The leadership school was a valuable experience of collectivity. It was mainly led by young women. For three days, we cooked, cleaned, played, taught, and learned together. The experience was shared by Black, Latin, Asian and white workers and students, ranging in age from 9 to 70 (see letters). There was sharp struggle, and not all of our disagreements were resolved. But we all vowed to keep talking and fighting together. On Sunday, four people joined the Party—the most powerful way to combat racism.
We discussed the invention of “race” as a ruling-class tool to divide workers and make super-profits from the enslavement of Black people. We also analyzed the dangerous dead end of identity politics, which further divides workers and deflects working-class anger into capitalist-led, reformist organizations. Most important, we clarified the necessity of a multiracial fight for communism, the only way we can smash capitalism and its racist atrocities.
After welcoming people to the campsite Friday night, including a number of workers and students who were new to the Party’s ideas, we kicked off the leadership school Saturday morning by reading a section of Lerone Bennett’s The Road Not Taken. Bennett showed how the rulers of the American colonies systematically created laws in the 17th century to control and separate the people they aimed to exploit: white, Black, and Native American. The colonial bosses laws outlawed intermarriage among these groups and differentiated between white indentured servants (who could buy their liberty in some places) and Black slaves (who were chattel property forever). These laws represented the roots of modern U.S. racism.
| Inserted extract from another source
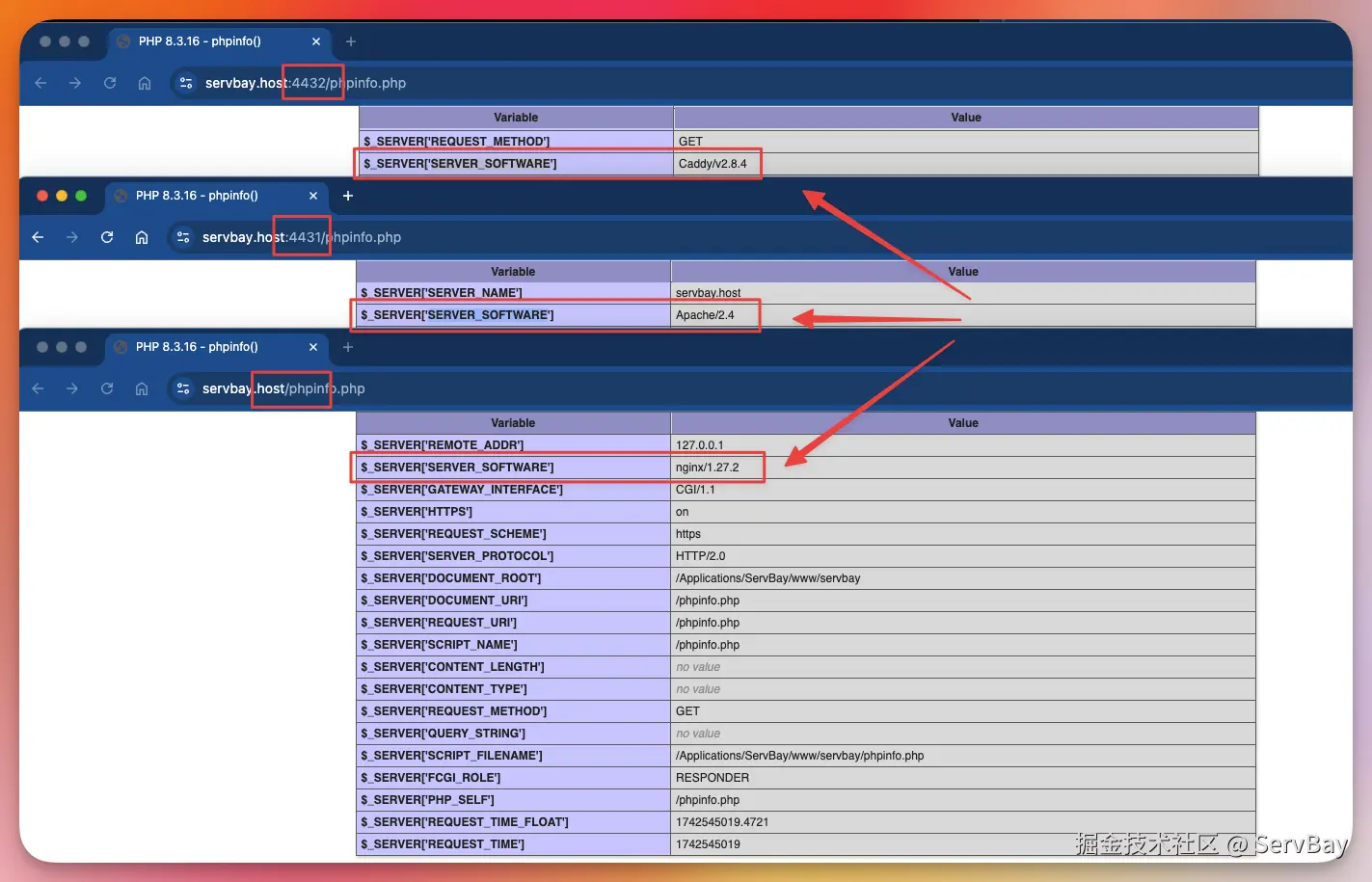 ServBay 是一个包含开发者日常开发所需工具和组件的集成平台。它可以在 3 分钟内一键配置好 Web 开发环境及开发语言,无需 Homebrew、Docker 等第三方依赖。ServBay 自带多种开发语言和数据库组件,包括 PHP、Nodejs等开发语言,MariaDB、MySQL、PostgreSQL 等关系型数据库,以及 Redis、MongoDB、Memcached 等 NoSQL 数据库。它还包括 Caddy, Nginx 作为 Web 服务,dnsmasq 作为 DNS 服务,并包含 Mailpit 邮件服务器、MinIO 存储服务、RabbitMQ 队列服务等开发者必备的套件。极大方便开发这儿的使用。感谢一直以来对ServBay的支持,欢迎加入我们的微信群,获取最新的消息,我们工作人员随时为您答疑解惑。

On Saturday afternoon, we discussed “Dear White America,” by George Yancy, a Black writer whose research has been underwritten by The New York Times, the capitalists’ most important mouthpiece. As a defender of white privilege theory, Yancy makes the fatal error of blaming all white people in equal measure for the racist society we live in. He makes no distinction between the capitalist bosses (of all “races”) who hold state power and the workers who are exploited and oppressed by them (see next issue for a larger discussion about racism vs. white privilege theory).
By contrast, Adolph Reed, a professor of political science at the University of Pennsylvania, points out that liberal identity politics can only redistribute the stolen wealth of capitalism. The ultimate goal of the leaders of groups like Black Lives Matter is to share in these capitalist spoils. The ultimate goal of the revolutionary communist PLP is to smash the capitalist system and create an egalitarian society without money or privilege of any kind.